Неизвестно, чем бы закончились эти пререкания, но в дверь грохнули так, что задребезжал казенный дулевский сервиз в буфете, а люстра под потолком качнулась, будто от землетрясения.

– Не успокоился, – вздохнул Жарынин.

– Кто? – не понял писатель.

– Сейчас увидите!

На пороге появился Розенблюменко, похожий на что-то среднее между королем Лиром и Тарасом Бульбой в исполнении звезды театра «Шолом». Лицо его было багрово, глаза грозно посверкивали из набрякших мешков, а живот бурно вздымался, чуть не разрывая «вышиванку». Очевидно, два лестничных пролета тяжело дались его потрясенному до основ организму. Люкс наполнился тяжким духом вчерашних излишеств. Следом за едва стоящим на ногах «игрохапом» в номер уверенно вошел плечистый, как Остап, Микола Пержхайло.

– Вымогаю реваншу! – задыхаясь, вымолвил Розенблюменко.

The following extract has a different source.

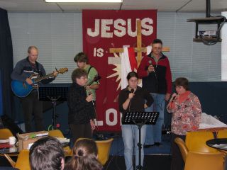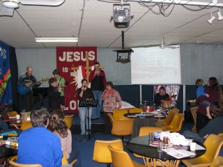 I rarely take photos in church as I'm usually focused on other things, like listening to God. This morning I found my camera sitting on the sound desk, so I took the opportunity to take a couple of shots during the last song. They give a sense of the informal (some say chaotic) atmosphere of our church.

– Какой реванш, Андрюха, ты же помрешь! – урезонил однокашника режиссер.

– Зараз – Андрiй!

– Я за нього! – выступил вперед парубок.

– С мазепами не пью! – отрезал Жарынин.

– Тремтиш, москаль паганый! – усмехнулся Микола, и его красивое лицо покрылось гневным националистическим румянцем.

– Ну, смотри, сечевик, теперь оружие выбираю я! – предупредил рассерженный игровод.

– Злякав лысицю куркою!

– Водка под соленые огурцы! – после минутного раздумья объявил заступник Земли Русской так, будто предложил стреляться с трех шагов через платок.

При слове «водка» Розенблюменко позеленел, как хлорофилл, и его кадык тошнотворно заметался под небритой кожей, ища, где бы выскочить на волю. Бедняга, сбивая мебель, бросился в санузел, и через секунду оттуда донеслось судорожное рычание, словно там исторгался пещерный лев, отравившийся несвежим шерстистым носорогом.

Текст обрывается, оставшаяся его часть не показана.